EXERCISE DESCRIPTION
Write the entries out again exactly as they stand, but without the pictures.

Entries taken from a collection:
────────────────────

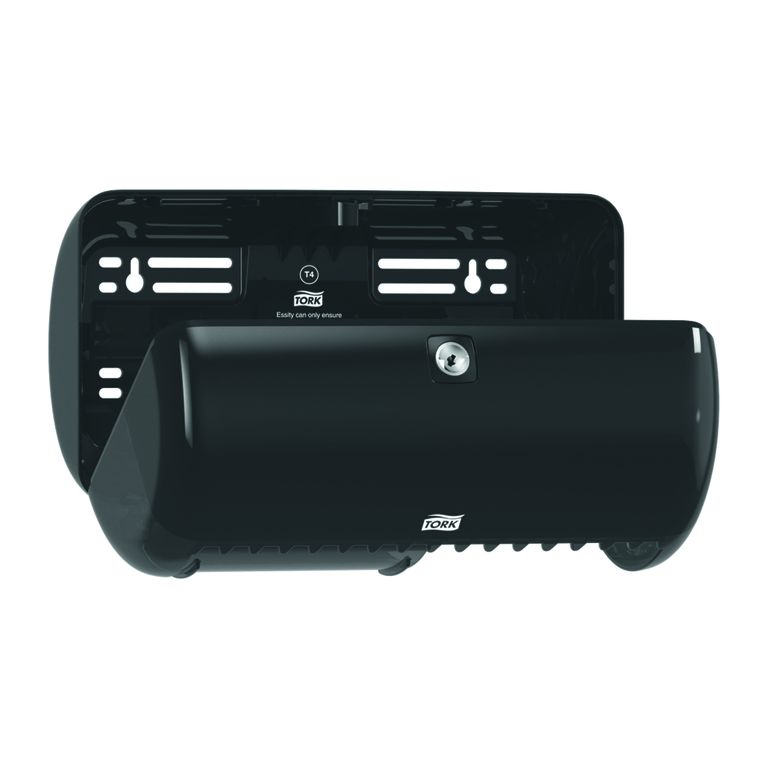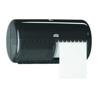 Черный пластиковый двойной диспенсер Tork, вмещаеющий 2 обычных стандартных рулона туалетной бумаги. Бумага без перфорации легко отрывается при помощи зубцов, защищается от грязи и кражи. Большое смотровое окошко облегчает контроль за наполнением. Держатель открывается с помощью ключа или нажатием на кнопку.
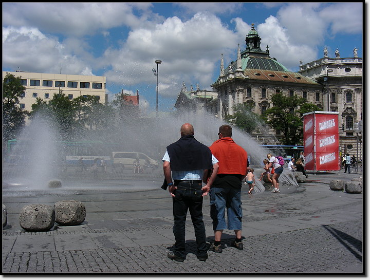 Plötzlich hieß es „hier steigen wir mal aus“ und holtadipolta standen wir Vier auf der Straße und der Bus fuhr weiter. „Hast du den Reiseführer?“, hörte ich Tom fragen. Nee, warum? Den hast du doch… Leider nein, unser Reiseführer lag noch im Bus und zog jetzt einsam seine Kreise durch München…
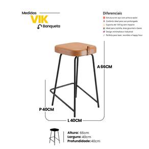Versátil, a Banqueta Vik se adapta facilmente a diferentes estilos de decoração e pode ser utilizada tanto em residências quanto em espaços comerciais.
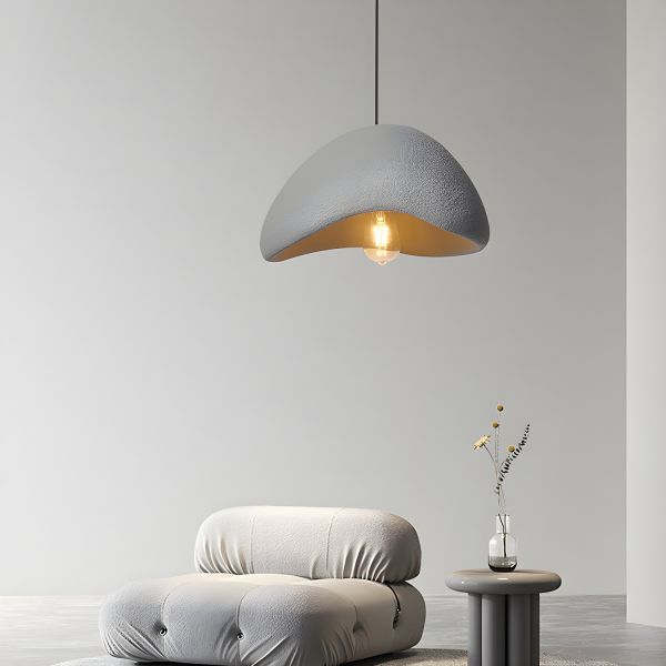 Wabi-Sabi Minimalist Dome Pendant Light, High-Density Polystyrene Fixture for Dining Room & Cafe - 110V-120V Grey 30 cm Conical
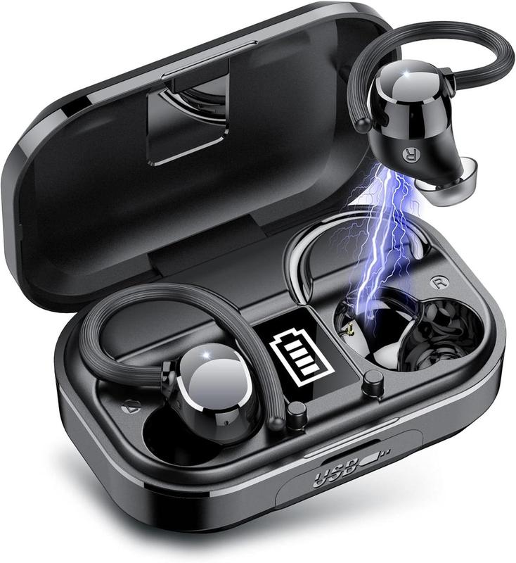 Бездротові навушники VOESUD Q53, Bluetooth 5.2 з мікрофоном, ЕРГОНОМІЧНИЙ ДИЗАЙН ВУШНИХ ГАЧКІВ ТА ІНТЕЛЕКТОРНЕ СЕНСОРНЕ КЕРУВАННЯ - Розроблені для спорту з м'якими вушними гачками, бездротові навушники не випадатимуть навіть під час інтенсивних тренувань. Завдяки високочутливій сенсорній технології, дотик пальцем може легко реалізувати різноманітні функції, зменшуючи тиск на кнопку на вусі. Bluetooth 5.1 та автоматичне сполучення: Найновіший чіп Bluetooth 5.1 та антена FPC забезпечують швидше сполучення, стабільне з'єднання та передачу сигналу (дальність 20 м без перешкод). Просто вийміть два навушники або один навушник після активації функції Bluetooth, вони відкриються та підключаться автоматично. Потужний чіп Bluetooth 5.1 ідеально підходить для планшетів, ноутбуків та смартфонів. Чіткі дзвінки та захопливий звук: Оснащені високочутливою діафрагмою та подвійними 10-мм провідниками, можуть зменшити навколишній шум на 80% та покращити ваш голос. Ці бездротові навушники можуть відтворювати потужний динамічний звук та підкреслювати насичені деталі голосу, відновлювати автентичність звуку та динаміку голосу. Зменшення шуму під час дзвінків дозволяє здійснювати кришталево чисті дзвінки та занурюватися у чудовий світ музики. 【100 годин відтворення та зарядний футляр зі світлодіодним підсвічуванням】Bluetooth- навушники можуть працювати до 7 годин на одному заряді, а зарядний футляр ємністю 2600 мАг може забезпечити 100 годин роботи навушників. Ви також можете використовувати зарядний футляр зі світлодіодним підсвічуванням для заряджання телефону, що ідеально підходить для щоденних подорожей, тренувань та роботи. Водонепроникність IPX7 для спорту: справжні бездротові навушники мають нанопокриття для запобігання щоденним бризкам, поту та дощу. Це хороший вибір для інтенсивних тренувань та будь-яких погодних умов. Q53 - ідеальний супутник для бігу, йоги, тренажерного залу, їзди на велосипеді тощо.
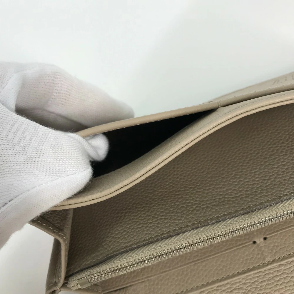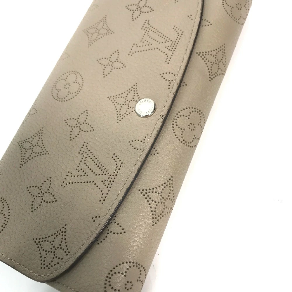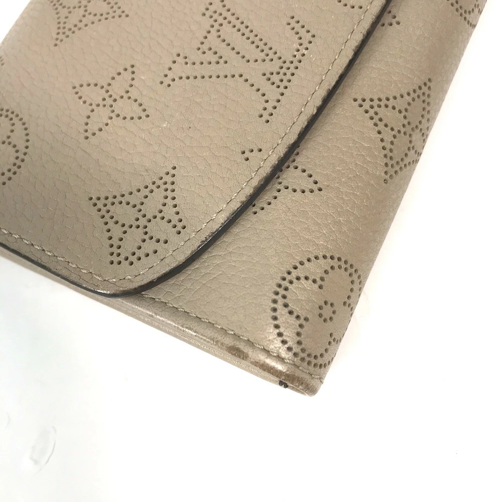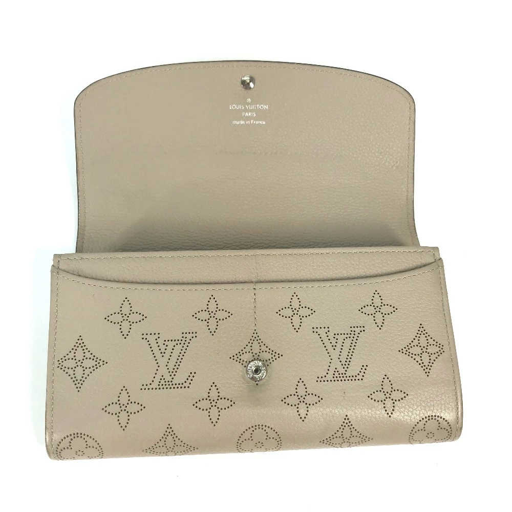 Pre-owned Louis Vuitton M60144 Monogram Mahina Portefeuille Iris Long Wallet, Women's Leather, Beige, with Flap.

────────────────────

PROBLEM SOLUTION
 Черный пластиковый двойной диспенсер Tork, вмещаеющий 2 обычных стандартных рулона туалетной бумаги. Бумага без перфорации легко отрывается при помощи зубцов, защищается от грязи и кражи. Большое смотровое окошко облегчает контроль за наполнением. Держатель открывается с помощью ключа или нажатием на кнопку.
 Plötzlich hieß es „hier steigen wir mal aus“ und holtadipolta standen wir Vier auf der Straße und der Bus fuhr weiter. „Hast du den Reiseführer?“, hörte ich Tom fragen. Nee, warum? Den hast du doch… Leider nein, unser Reiseführer lag noch im Bus und zog jetzt einsam seine Kreise durch München…
Versátil, a Banqueta Vik se adapta facilmente a diferentes estilos de decoração e pode ser utilizada tanto em residências quanto em espaços comerciais.
 Wabi-Sabi Minimalist Dome Pendant Light, High-Density Polystyrene Fixture for Dining Room & Cafe - 110V-120V Grey 30 cm Conical
 Бездротові навушники VOESUD Q53, Bluetooth 5.2 з мікрофоном, ЕРГОНОМІЧНИЙ ДИЗАЙН ВУШНИХ ГАЧКІВ ТА ІНТЕЛЕКТОРНЕ СЕНСОРНЕ КЕРУВАННЯ - Розроблені для спорту з м'якими вушними гачками, бездротові навушники не випадатимуть навіть під час інтенсивних тренувань. Завдяки високочутливій сенсорній технології, дотик пальцем може легко реалізувати різноманітні функції, зменшуючи тиск на кнопку на вусі. Bluetooth 5.1 та автоматичне сполучення: Найновіший чіп Bluetooth 5.1 та антена FPC забезпечують швидше сполучення, стабільне з'єднання та передачу сигналу (дальність 20 м без перешкод). Просто вийміть два навушники або один навушник після активації функції Bluetooth, вони відкриються та підключаться автоматично. Потужний чіп Bluetooth 5.1 ідеально підходить для планшетів, ноутбуків та смартфонів. Чіткі дзвінки та захопливий звук: Оснащені високочутливою діафрагмою та подвійними 10-мм провідниками, можуть зменшити навколишній шум на 80% та покращити ваш голос. Ці бездротові навушники можуть відтворювати потужний динамічний звук та підкреслювати насичені деталі голосу, відновлювати автентичність звуку та динаміку голосу. Зменшення шуму під час дзвінків дозволяє здійснювати кришталево чисті дзвінки та занурюватися у чудовий світ музики. 【100 годин відтворення та зарядний футляр зі світлодіодним підсвічуванням】Bluetooth- навушники можуть працювати до 7 годин на одному заряді, а зарядний футляр ємністю 2600 мАг може забезпечити 100 годин роботи навушників. Ви також можете використовувати зарядний футляр зі світлодіодним підсвічуванням для заряджання телефону, що ідеально підходить для щоденних подорожей, тренувань та роботи. Водонепроникність IPX7 для спорту: справжні бездротові навушники мають нанопокриття для запобігання щоденним бризкам, поту та дощу. Це хороший вибір для інтенсивних тренувань та будь-яких погодних умов. Q53 - ідеальний супутник для бігу, йоги, тренажерного залу, їзди на велосипеді тощо.
 Pre-owned Louis Vuitton M60144 Monogram Mahina Portefeuille Iris Long Wallet, Women's Leather, Beige, with Flap.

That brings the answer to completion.